* _WHAT YOU ARE ASKED TO DO_: The response consists of the lines from the start of the material below through the line holding "Her work focuses", repeated word for word and without pictures.
--- MATERIAL PROVIDED Enclosed Below ---
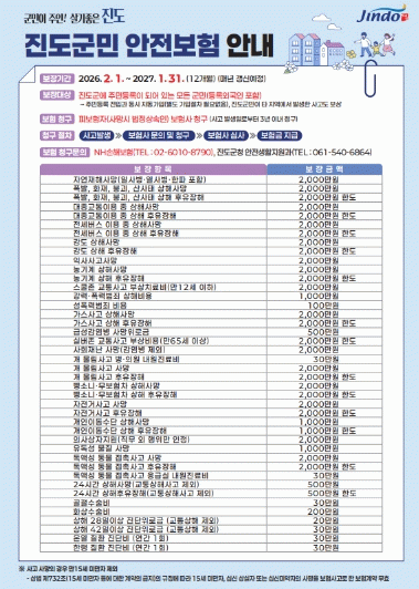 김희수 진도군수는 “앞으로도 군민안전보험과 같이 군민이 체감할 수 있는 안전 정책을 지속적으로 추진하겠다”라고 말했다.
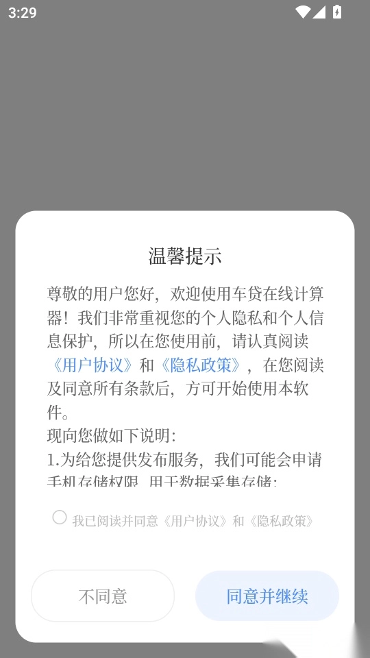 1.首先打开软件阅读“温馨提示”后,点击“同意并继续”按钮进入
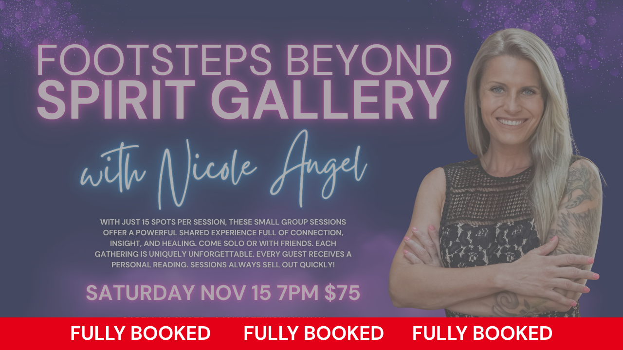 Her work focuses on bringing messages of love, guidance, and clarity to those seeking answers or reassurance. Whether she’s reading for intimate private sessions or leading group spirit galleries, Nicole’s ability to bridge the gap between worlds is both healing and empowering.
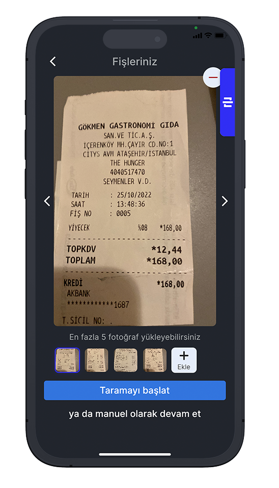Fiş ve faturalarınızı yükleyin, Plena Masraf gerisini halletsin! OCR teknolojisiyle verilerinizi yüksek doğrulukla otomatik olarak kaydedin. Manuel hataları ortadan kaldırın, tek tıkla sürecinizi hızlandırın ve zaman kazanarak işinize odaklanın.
--- End of Enclosed MATERIAL PROVIDED ---
* _RESULT FOR THIS TASK_:
 김희수 진도군수는 “앞으로도 군민안전보험과 같이 군민이 체감할 수 있는 안전 정책을 지속적으로 추진하겠다”라고 말했다.
 1.首先打开软件阅读“温馨提示”后,点击“同意并继续”按钮进入
 Her work focuses on bringing messages of love, guidance, and clarity to those seeking answers or reassurance. Whether she’s reading for intimate private sessions or leading group spirit galleries, Nicole’s ability to bridge the gap between worlds is both healing and empowering.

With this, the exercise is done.